• **TASK**: Everything from the line containing "This beautiful 3" through the final line below must be output exactly, both ends included, with nothing else and no pictures.

• **DATA SHOWN**:
*** Begin section ***

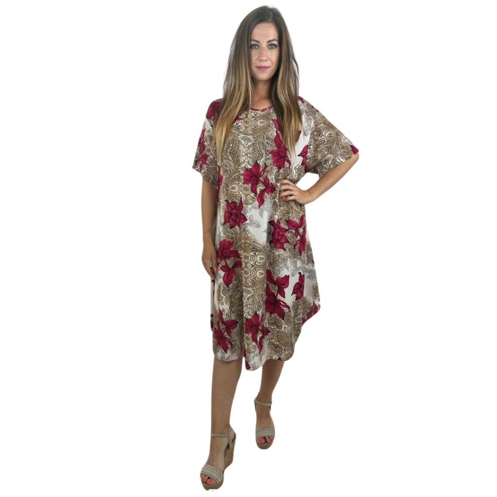 NOVINKA - Šaty s rukávky - vzorované béžové s červeným květem
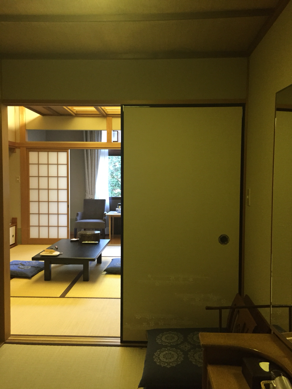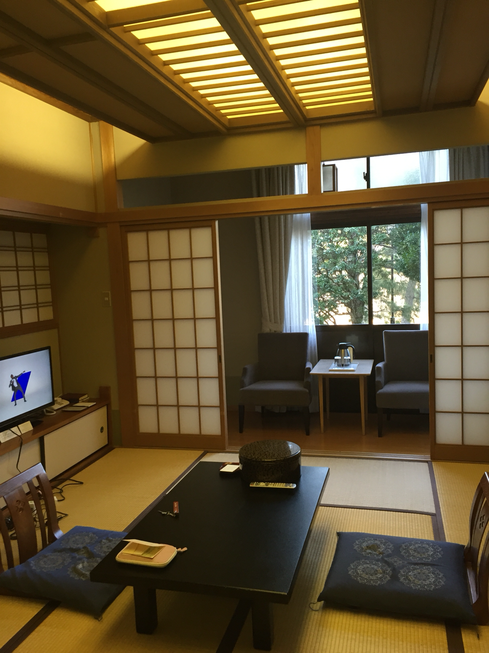 안내데스크부터 객실까지 직원이 짐을 들어주고 주변 안내까지 친절하게 해주며 드디어 객실 앞에 도착! 배정받은 객실은 1층에 일본식 다다미 객실 118호로 료칸 객실 규모보다는 작지만 전통과 5성급 호텔이라는 이름값으로 이곳도 1박 숙박료는 비싼 편이다.
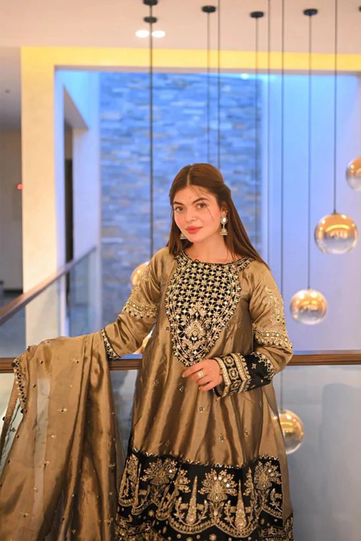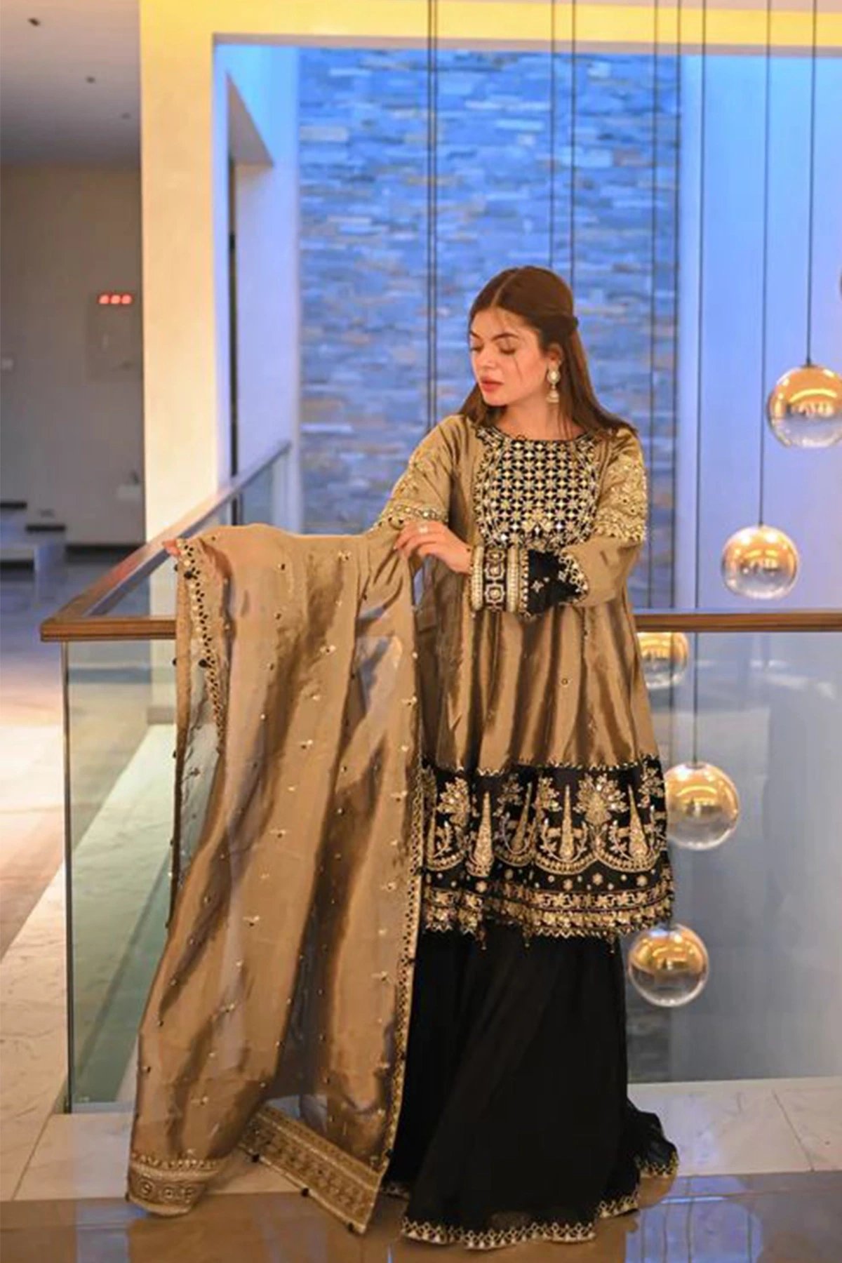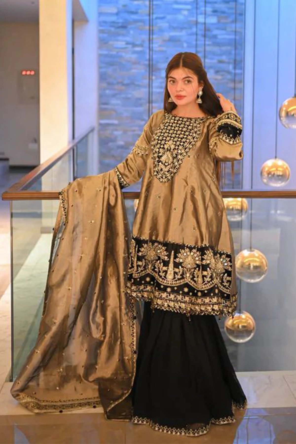 This beautiful 3 piece ensemble brings together timeless craftsmanship and modern sophistication. The peplum dress features intricate black and gold embroidery along the neckline, sleeves, and hem, creating a rich, regal aesthetic. Its warm, earthy tone pairs beautifully with the flowing black sharara pants, finished with matching gold embroidery for a cohesive, elevated look. The look is finished with a raw silk dupatta.
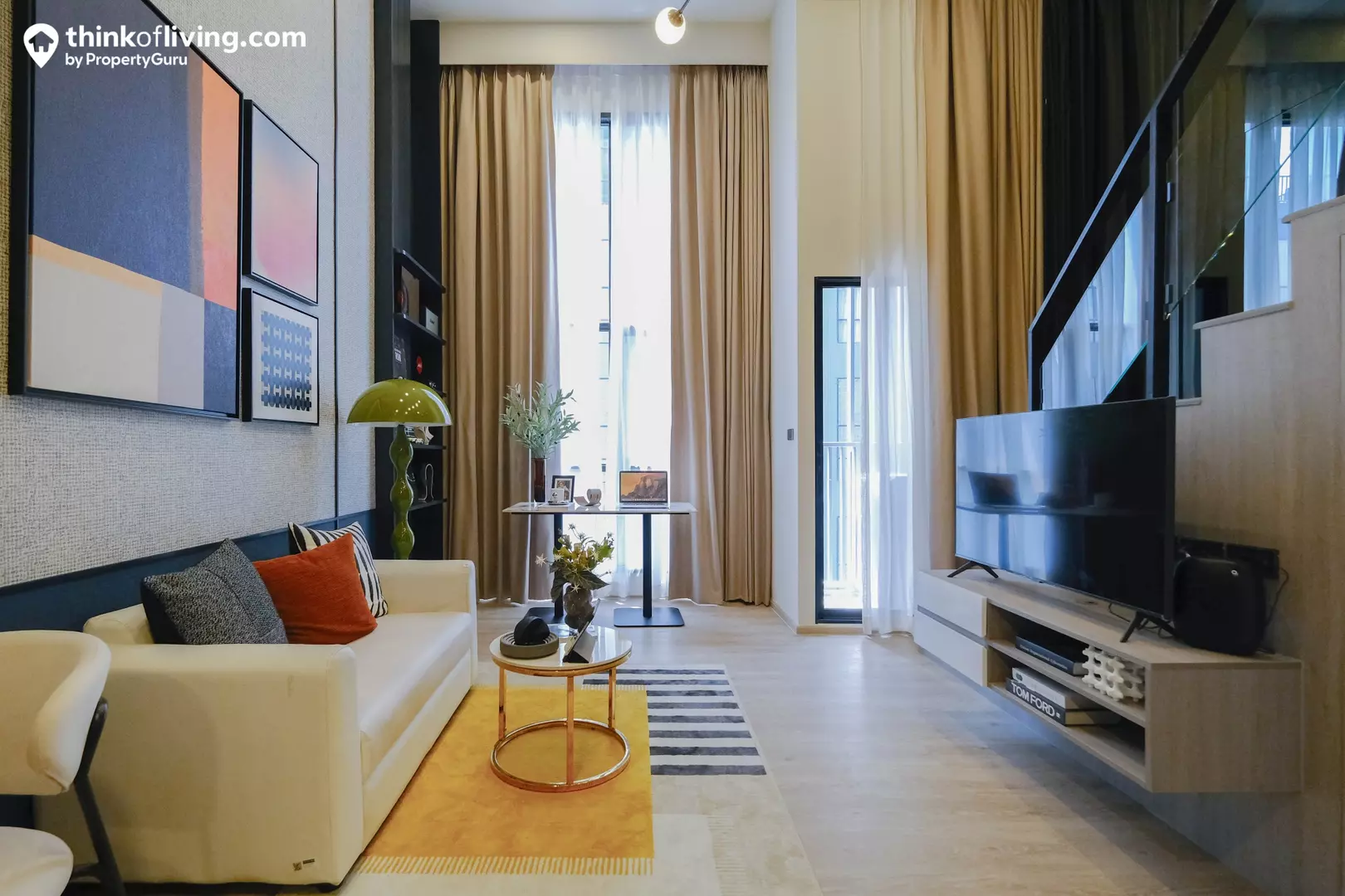 พื้นที่ใช้งานส่วนนั่งเล่นในห้องตัวอย่าง 1 Bedroom High Ceiling

*** End section ***

• **EXERCISE RESULT**:
 This beautiful 3 piece ensemble brings together timeless craftsmanship and modern sophistication. The peplum dress features intricate black and gold embroidery along the neckline, sleeves, and hem, creating a rich, regal aesthetic. Its warm, earthy tone pairs beautifully with the flowing black sharara pants, finished with matching gold embroidery for a cohesive, elevated look. The look is finished with a raw silk dupatta.
 พื้นที่ใช้งานส่วนนั่งเล่นในห้องตัวอย่าง 1 Bedroom High Ceiling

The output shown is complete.